An artistic image can only be born when the author knows how to operate with his impressions, which will form the basis of his work.

The psychological process of sensually expressing an idea consists of imagining the final result of work before the creative process begins. Operating with fictitious images helps, even in the absence of the necessary completeness of knowledge, to realize your dream in the created work.

Artistic image created creative person, characterized by sincerity and reality. Characteristic feature art is skill. It is this that allows you to say something new, and this is only possible through experiences. Creation must go through the feelings of the author and be suffered by him.

The artistic image in each field of art has its own structure. It is determined by the criteria of the spiritual principle expressed in the work, as well as the specifics of the material that is used to create the creation. Thus, the artistic image in music is intonational, in architecture - static, in painting - pictorial, and in literary genre- dynamic. In one it is embodied in the image of a person, in another - in nature, in the third - in an object, in the fourth it appears as a combination of connections between the actions of people and their environment.

The artistic representation of reality lies in the unity of the rational and emotional sides. The ancient Indians believed that art owes its birth to those feelings that a person could not keep within himself. However, not every image can be classified as artistic. Sensual expressions must carry specific aesthetic purposes. They reflect beauty surrounding nature and the animal world, capture the perfection of man and his existence. An artistic image should testify to beauty and affirm the harmony of the world.
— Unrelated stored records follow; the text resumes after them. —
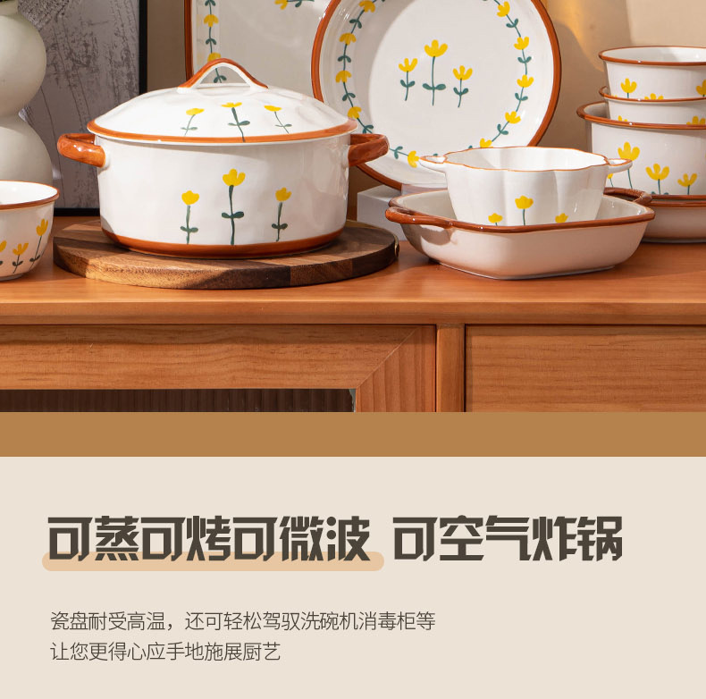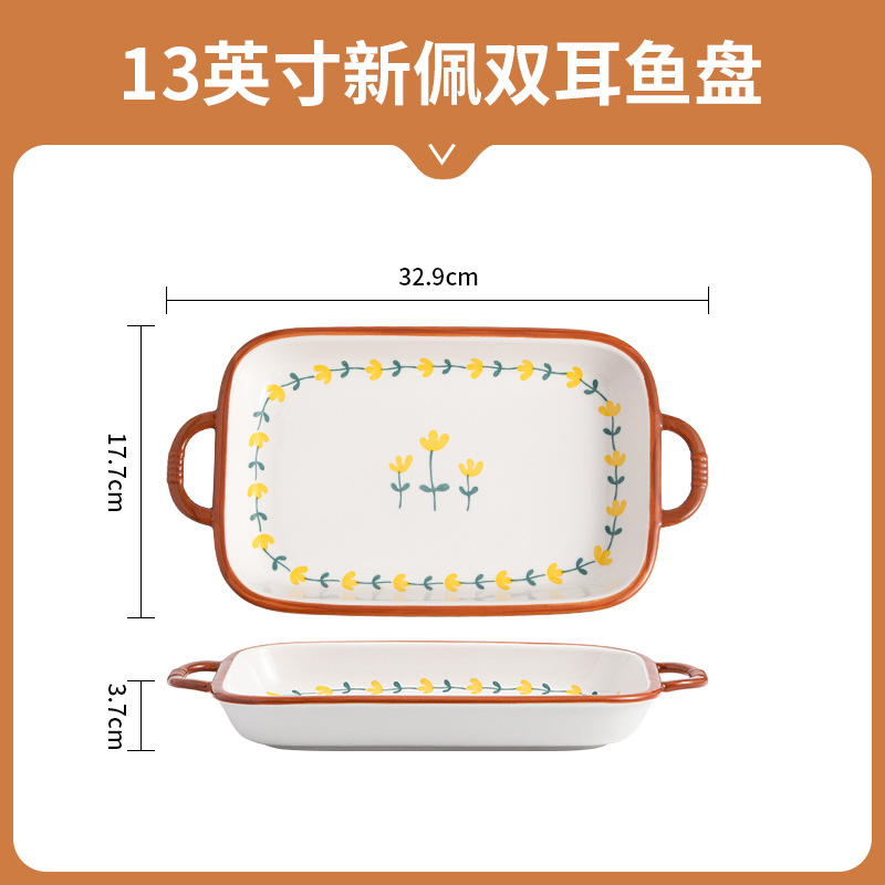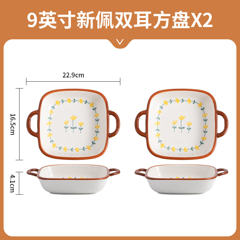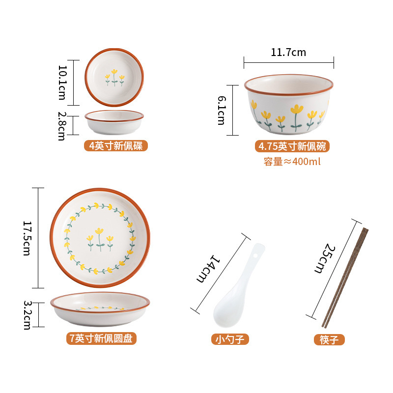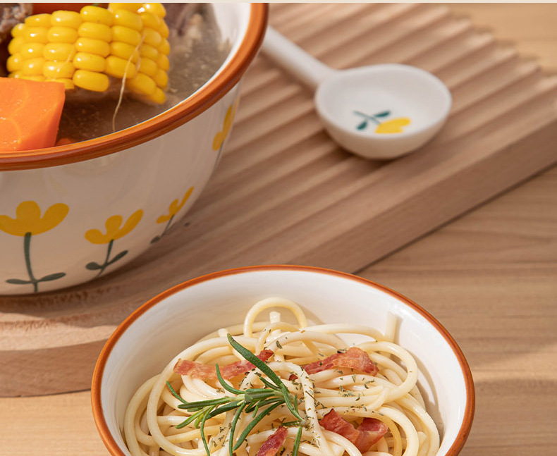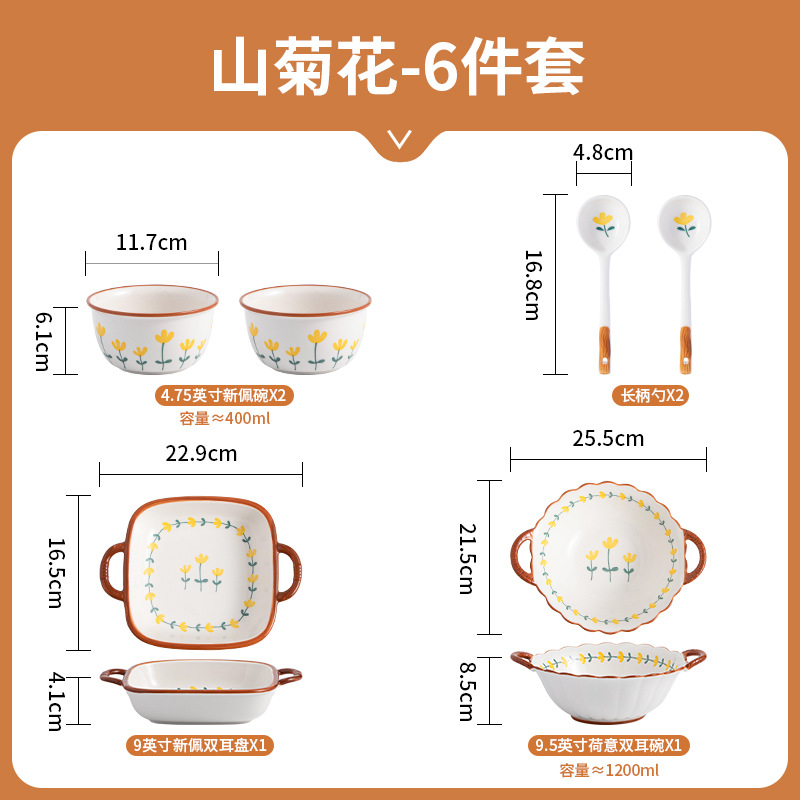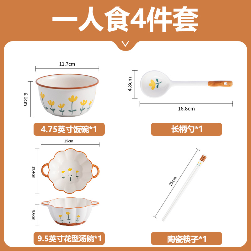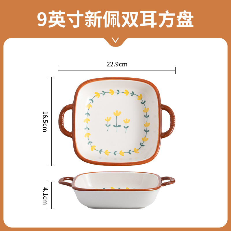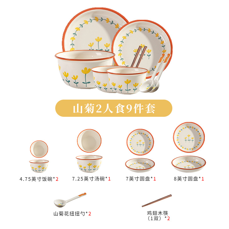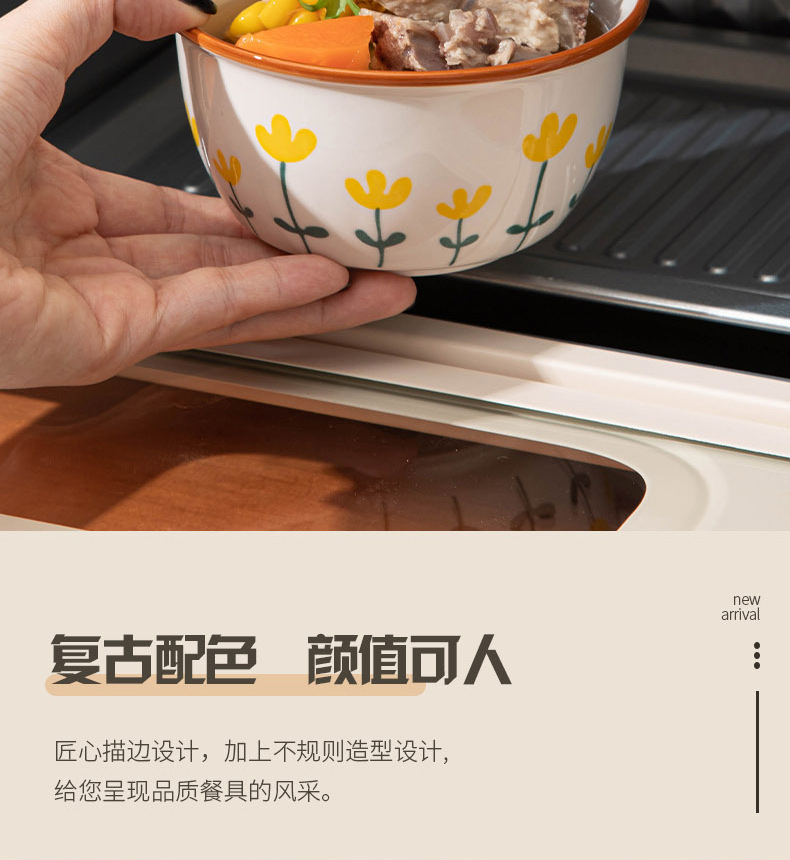 碗ins高颜值碗筷套装家用批发釉下彩陶瓷双耳碗米饭碗面碗汤碗
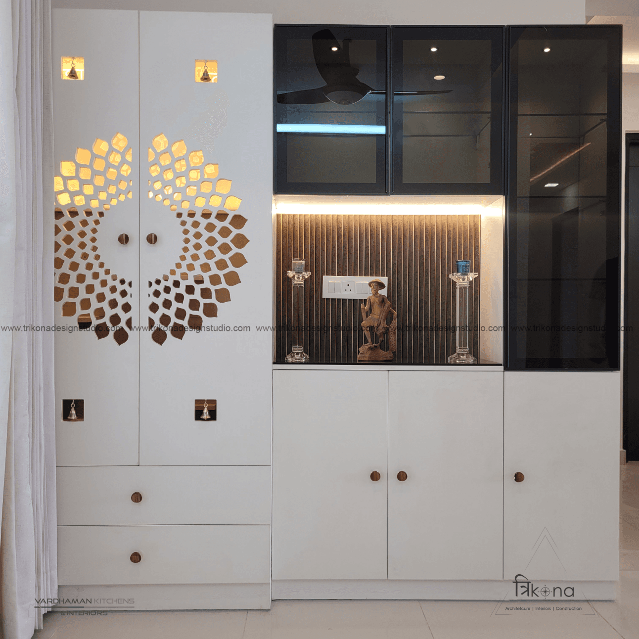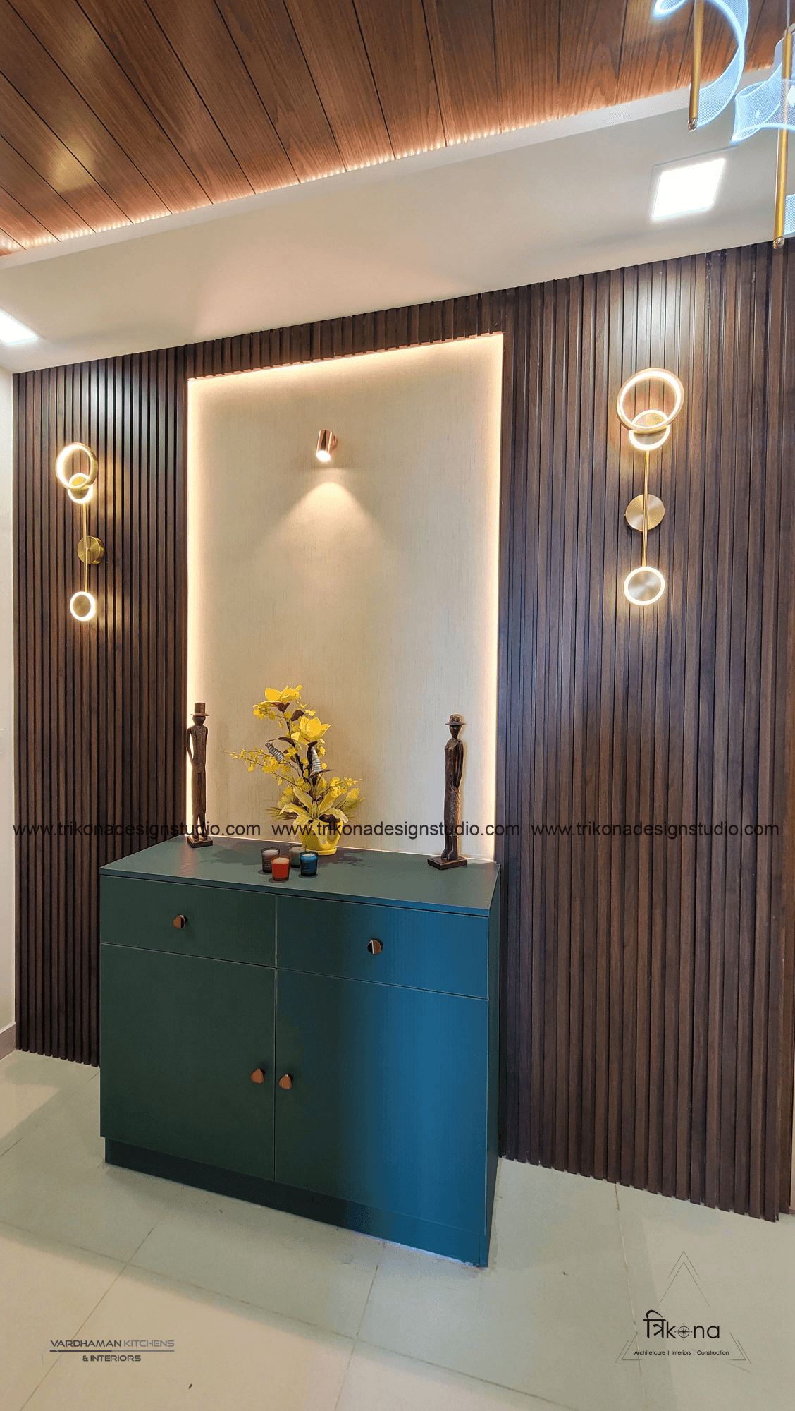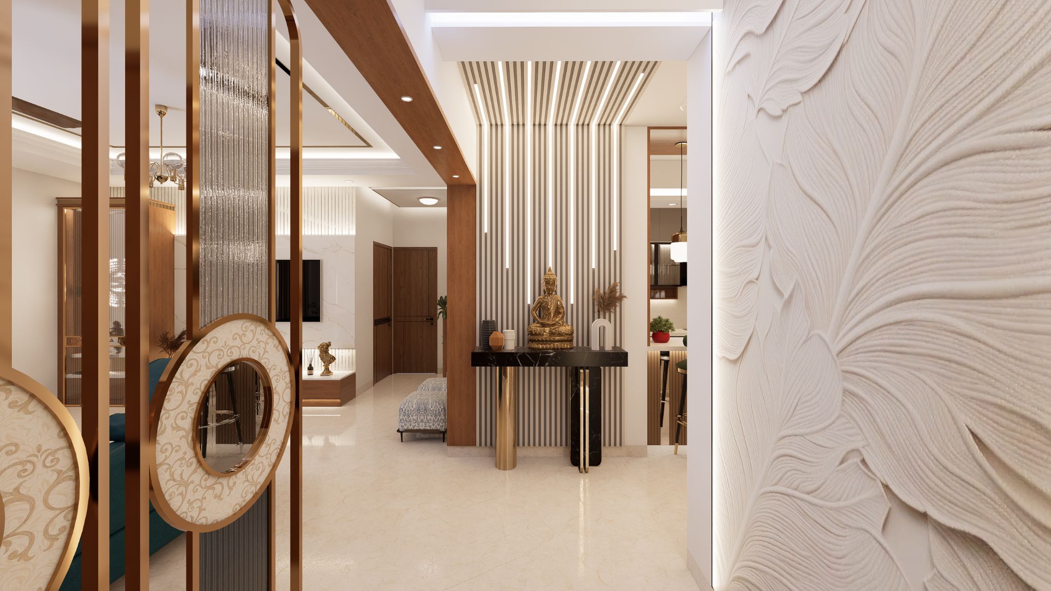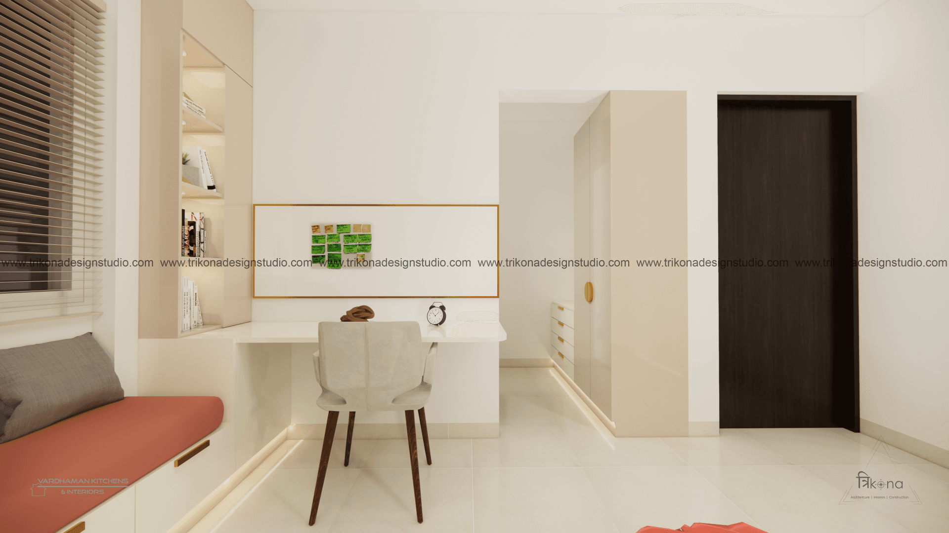 A stunning 3-bedroom apartment nestled in vibrant Bangalore. Embrace contemporary elegance in the living room adorned with French moldings and a chic cool blue couch. The dining area dazzles with a multifunctional crockery cum pooja unit. Experience culinary delights in the parallel kitchen, bathed in soothing beige tones, concealed by a sleek fluted sliding door with rose gold accents. Retreat to the master bedroom accented with rich browns, while the parents' bedroom exudes warmth with wooden accents. Let the kids' room enchant with soft pink hues.
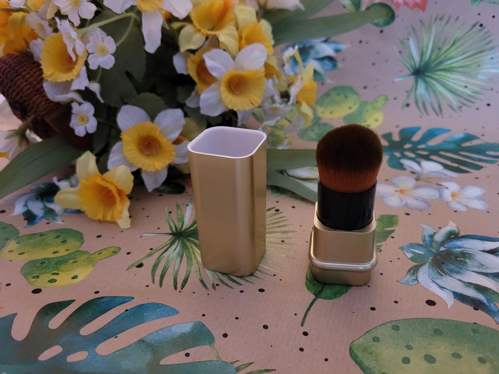 Stylish blush brush 🖌️ Every girl should have many different makeup brushes in her arsenal. I chose this model. 。Stylish, minimalist design of the blush brush body. 。The makeup brush has a densely packed wool surface. Hairs do not fly out of the brush. 。No unpleasant odor. 💔The brush opens easily, but I find it difficult to close it. This requires additional skill. ♥️This blush brush is convenient to take with you on a trip. It is compact and closes with a cap, thereby not dirtying surrounding things. 👌I recommend this blush brush to girls who like to touch up their makeup while traveling.
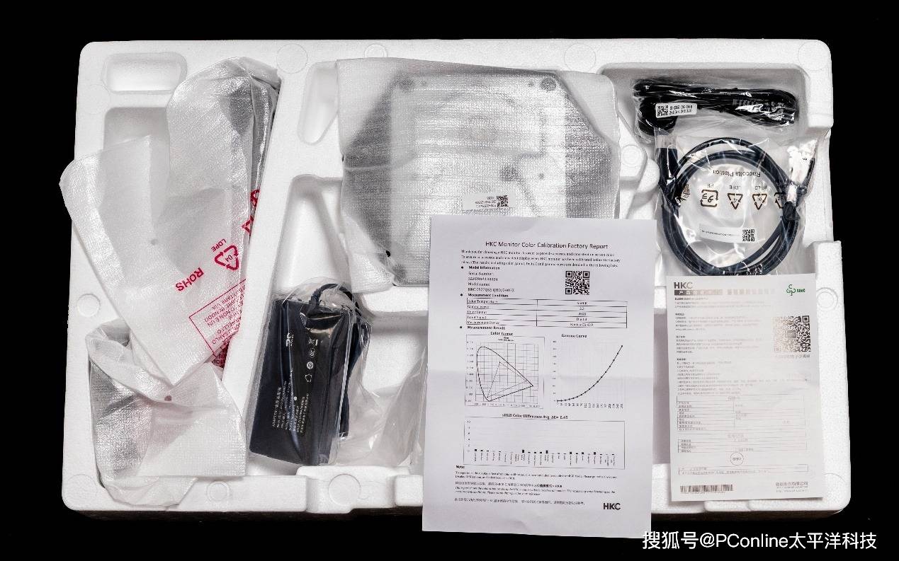 而在包装内部,HKC GS27QKS同样使用了厚实的泡沫塑料作为缓冲材料,稳妥地将显示器本体和所有配件保护在其中。
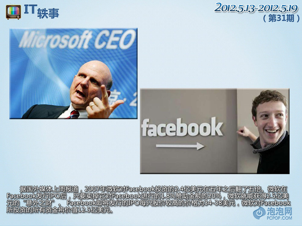 据国外媒体上周报道,2007年微软对Facebook投资的2.4亿美元在五年之后翻了五倍。微软在Facebook发行IPO后,只要卖掉它对Facebook进行的1.8%%赞助金额的20%%,微软就能获得2.5亿美元的“意外之财”。 Facebook即将发行的IPO每只股价较高的价格为34-38美元,微软对Facebook所投资的所有资金将价值12.5亿美元。13/13

The sensual incarnations are a symbol of creativity. Artistic images act as a universal category for understanding life, and also contribute to its comprehension. They have properties that are unique to them. These include:

Typicality arising from a close relationship with life;

Liveliness or organicity;

Holistic orientation;

Understatement.

The building materials of the image are the following: the personality of the artist himself and the realities of the surrounding world. The sensual expression of reality combines the subjective and objective principles. It consists of reality, which is processed by the creative thought of the artist, reflecting his attitude to what is depicted.